Semester Projects

(can be adapted to Bachelor or Master level)

Modelling of electric field induced effects in thin dielectrics
Available

Understanding switching dynamics and domain evolution of ferroelectric materials in correlation with modification induced by in-situ biasing is fundamental for the development of devices. Solving partial differential equations in two or three space variables opens up the solution to numerous problems whose areas of interest range from structural analysis, heat transfer, fluid flow, mass transport, and electromagnetic potential. A tool for solving these equations is the Finite Element Method (FEM). The aim of the project is the modelling and calculation of electric field induced profiles on thin membranes of dielectric materials in order to predict their response during in-situ TEM experiments. In a second phase, the student will evaluate the projected electric field in the system in various configurations.

Contact: Mr. Pierpaolo Ranieri
 
 
MEMS-based chips for in situ TEM applications
Not available

The aim of this project is to fabricate MEMS-based chips for in situ TEM applications such as biasing, heating, and electrochemistry. The student will be introduced to MEMS technologies such as photolithography, etching process, thin film deposition, etc. The process of the chip fabrication will take place in the cleanroom at the Center of Micronanotechnology (CMi). The student is expected to understand the fundamentals of MEMS technologies and obtain hands-on experience of semiconductor processing. The MEMS processing skills obtained after this project are highly transferable especially in semiconductor industries. Previous hands-on experience in cleanroom is preferred for this project.

Contact: Mr. Morgan Binggeli
 
 
Preparation of rechargeable battery electrodes and their cycling in microcells
Reserved

There is significant research dedicated to rechargeable batteries with the current technology based on lithium ion processes remaining the candidate of choice for further enhancements. These include cathode electrodes based on novel materials due to the fact that the degradation of the cathodes remains the main reason for capacity decay. Electron microscopy experiments can provide unique insights into the degradation processes and can be performed in real-time, however the modification of the bulk cell to a microcell configuration requires optimisation of the system. In detail, the student will work on the battery assembly that includes the ink preparation for the cathode and counter electrodes, the dropcasting, the evaluation of adhesion to the current collector, and its cycling ex-situ at the first instance.

Contact: Mr. Morgan Binggeli
 
 
Microfabrication of chips for graphene membrane-based microcells
Reserved

The aim of this project is to fabricate MEMS-based electrochemical chips with integrated graphene membrane for high-resolution imaging in liquid-phase TEM. The student will be introduced to microfabrication processes inclusive of photolithography, thin film deposition, dry and wet etching. The student will acquire hands-on experience in MEMS fabrication processes. Previous hand-on experience in cleanroom is preferred for this project.

Contact: Ms. Saltanat Toleukhanova
 
 
Modelling of temperature profiles in MEMS-based heating chips
Available

Having a homogeneous temperature profile across MEMS chips is very important for the interpretation of the the various processes that are affected by temperature changes such as diffusion of chemical elements and stability of phases. However, this is challenging to achieve at the scale of TEM experiments (micro to atomic scale). The students will use COMSOL software to simulate full MEMS-chip. The aim is to change the geometry and evaluate the optimal geometry of the heating contacts with respect tot he sample placement for achieving homogeneity during the experiments.
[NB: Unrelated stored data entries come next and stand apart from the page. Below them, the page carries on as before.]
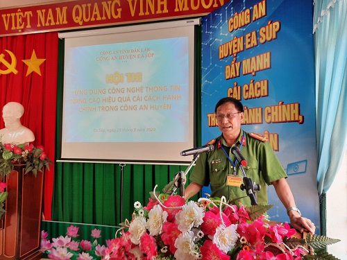Sáng ngày 28/8/2020, Công an huyện Ea Súp tổ chức Hội thi với chủ đề “Ứng dụng công nghệ thông tin nâng cao hiệu quả cải cách hành chính năm 2020”. Đồng chí Thượng tá Cao Tiến Phu - Trưởng Công an huyện, Trưởng Ban Tổ chức Hội thi; Ban Giám khảo gồm các đồng chí lãnh đạo Công an huyện, đại diện lãnh đạo Phòng Văn hoá - Thông tin huyện và chỉ huy Đội Pháp chế và quản lý khoa học, Phòng Tham mưu Công an tỉnh. Tham gia Hội thi có 4 Đội, thành viên là cán bộ, chiến sĩ thuộc các Đội nghiệp vụ của Công an huyện.
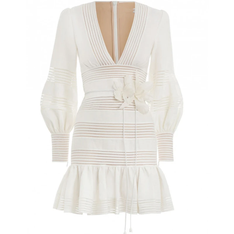 Vente Meilleur 2018 Automne Hiver Australie Zim Nouveau Blanc Lin Dentelle Découpe Bande V cou Mince À Manches Longues En Queue de poisson Robe Pas Cher Prix.
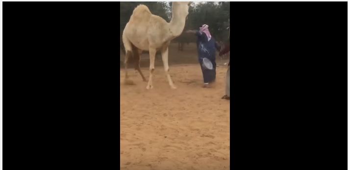 وأظهر مقطع فيديو متداول، كيف رفضت الناقة الخضوع للشخص الذي حاول الحصول على لبنها بالرغم من وجود رجال عدة معه.

Contact: Mr. Pierpaolo Ranieri and Dr. Saul Estandia
 
 
SEM imaging of Cu nanocatalysts under CO2 electroreduction conditions
Available

Studying catalysts’ restructuring behavior under CO2 reduction conditions is important for identifying their degradation mechanism. Liquid-cell electron microscopy allows real-time imaging of materials under controlled biasing conditions. The aim of this project is to study Cu nanocatalyst restructuring behavior under CO2 reducing conditions. In the first part of the project the student will perform a series of control experiments to identify the best imaging conditions for graphene-based liquid cells. In the second part, the student will perform imaging of nanocatalysts under CO2 reducing conditions to track their morphological evolution. The student will gain hands-on experience in SEM operation, liquid electrochemical microcell processes and analysis of SEM data.

Contact: Ms. Saltanat Toleukhanova
 
 
Simulating atomic defects in Bi2Se3
Available

3D topological insulators like Bi2Se3 possess spin-locked conducting states at their surface which could find applications in spintronics, optoelectronics or quantum computing, among other fields. However, in practice, the presence of crystal defects arising from Bi-Se off-stoichiometry introduces a non-polarized current component, which hinders the potential of the material. This can be observed locally by means of transmission electron microscopy (TEM). In this project, the student will use JEMS and DrProbe software to simulate the atomic distribution of defects under different electron imaging conditions.